Neither the TSX Venture Exchange nor its Regulation Services Provider (as that term is defined in the policies of the TSX-V) accepts responsibility for the adequacy or accuracy of this news release.

To view the source version of this press release, please visit https://www.newsfilecorp.com/release/289292

FAQ

How do DVS registered shareholders holding DRS submit their election for exchangeable shares?

Eligible DRS holders may email a non-password-protected PDF of the Letter of Transmittal and Election Form to onlinedeposits@computershare.com. According to the company, pictures or other digital formats will not be accepted and mailed originals remain an alternative.

What is the deadline for DVS shareholders to elect exchangeable shares in the Contango merger?
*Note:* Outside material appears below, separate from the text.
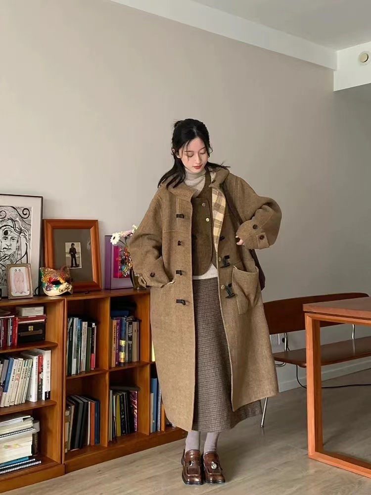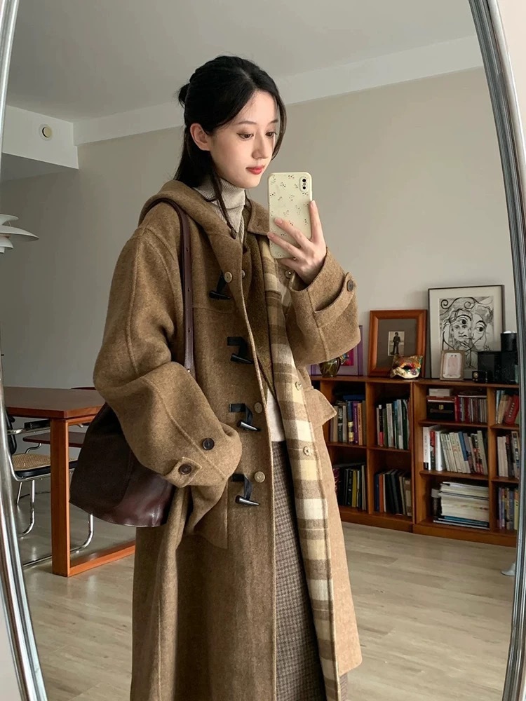 両面着用両面ウールコートの女性の長い段落格子縞フード付き気質韓国ウールツイードのプレミアム感覚 女性用コート ファー 毛皮アウター

The Election Deadline is 5:00pm Eastern Time on March 24, 2026. According to the company, submissions must reach the depositary by that time to avoid default treatment.

What happens if a DVS shareholder fails to submit the Election Form by March 24, 2026?

If no properly completed form is deposited by the deadline, the shareholder will by default receive Contango voting common shares. According to the company, failure to comply leads to the default exchange outcome.

When will the DVS and Contango merger closing likely occur after the court hearing?

The British Columbia Supreme Court hearing is set for March 23, 2026, and closing is expected to follow shortly thereafter. According to the company, the Arrangement remains subject to court approval and customary conditions.

Can DVS shareholders submit election documents by email if they hold physical share certificates?

No, email submission is not available for registered shareholders holding physical share certificates. According to the company, holders with certificates must use alternative delivery methods specified by the depositary.

Where can DVS shareholders find a copy of the Letter of Transmittal and Election Form?

A copy of the Letter of Transmittal and Election Form is available under the company's profile on SEDAR+ and in the Special Meeting area of the company's website. According to the company, mailed forms were also sent to eligible holders.